Some new teachers strive so ardently to get students to like them that they end up coming across as more of a peer than an authority figure.

You want to build rapport with students, not be overly permissive in hopes of being considered the fun, chill teacher. Overemphasizing being liked backfires.

Earn students’ respect through fair policies, insightful teaching and caring support. Let your passion for helping them grow speak for itself.

Teaching is deeply rewarding yet full of potential pitfalls. Following these dos and don’ts will help you avoid common mistakes and set your students up for success. Here’s to an incredible, inspirational school year!

dos and donts of teaching

Dos and Dont’s of Teaching | Dos and Dont’s of Teacher | Dos and Dont’s Teacher Edition

Do you know the do’s and don’ts of teaching?

It’s important to know the do’s and don’ts of teaching so you can better prepare for a productive school year. Learning the do’s of teaching can show you some useful strategies that may improve your level of teaching, establish a positive relationship with your students and improve their behavior in the classroom.

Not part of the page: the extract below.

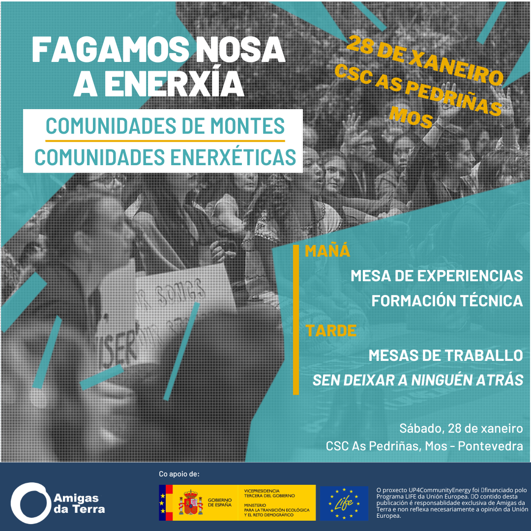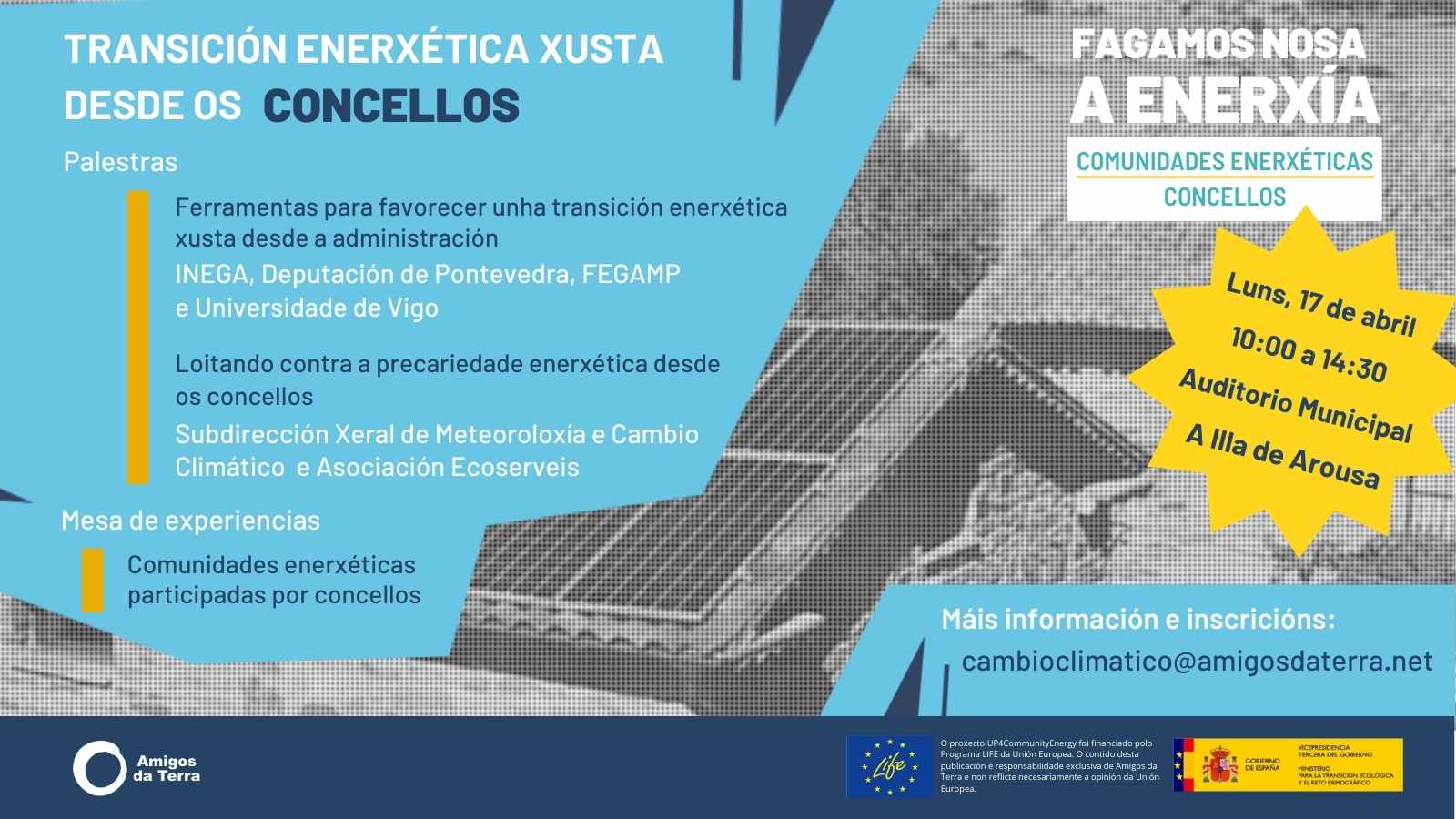 Amigas da Terra convídavos a participar na xornada “Transición Enerxética Xusta desde os Concellos” dentro da campaña Fagamos Nosa a Enerxía que se levará a cabo o luns 17 de abril no Auditorio Municipal da Illa de Arousa.

What are the DOs & DON’Ts for successful teaching?

In this post, we will look at some of the dos and don’t for successful teaching in 4 key areas: planning and preparation; classroom management, getting the most out of your learners; and delivering lessons. 1. Planning and preparation Have an outcome in mind, not just for your next lesson, but for the next set of lessons.

What are the Do’s & Don’ts of teaching psychology?

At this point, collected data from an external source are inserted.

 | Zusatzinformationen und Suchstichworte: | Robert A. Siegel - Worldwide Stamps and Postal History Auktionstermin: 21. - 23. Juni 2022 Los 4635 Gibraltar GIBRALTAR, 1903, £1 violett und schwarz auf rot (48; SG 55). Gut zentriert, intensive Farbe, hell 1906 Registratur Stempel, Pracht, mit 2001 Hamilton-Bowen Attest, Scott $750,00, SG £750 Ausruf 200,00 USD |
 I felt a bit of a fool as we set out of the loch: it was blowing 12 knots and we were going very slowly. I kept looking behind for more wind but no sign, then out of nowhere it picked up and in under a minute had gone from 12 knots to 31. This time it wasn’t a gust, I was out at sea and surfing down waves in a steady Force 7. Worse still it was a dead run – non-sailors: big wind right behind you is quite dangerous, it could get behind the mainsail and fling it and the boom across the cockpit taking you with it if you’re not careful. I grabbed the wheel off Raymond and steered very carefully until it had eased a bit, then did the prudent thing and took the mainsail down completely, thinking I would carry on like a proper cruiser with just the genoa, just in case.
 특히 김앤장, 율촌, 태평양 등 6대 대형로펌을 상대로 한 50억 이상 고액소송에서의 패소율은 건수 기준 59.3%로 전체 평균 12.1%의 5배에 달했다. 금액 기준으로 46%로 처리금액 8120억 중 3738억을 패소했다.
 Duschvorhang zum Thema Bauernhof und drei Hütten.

A few other items to consider as you navigate the do’s and don’ts of teaching psychology: Do give credit where credit is due. If you borrowed or adapted a lesson, cite the source. It is a great way to let students know that collaboration is part of the process of teaching and learning.

Why is learning the do’s of teaching important?

Learning the do’s of teaching can show you some useful strategies that may improve your level of teaching, establish a positive relationship with your students and improve their behavior in the classroom. In addition, knowing the don’ts for this role can teach you what not to do so that you have better alternatives for the classroom.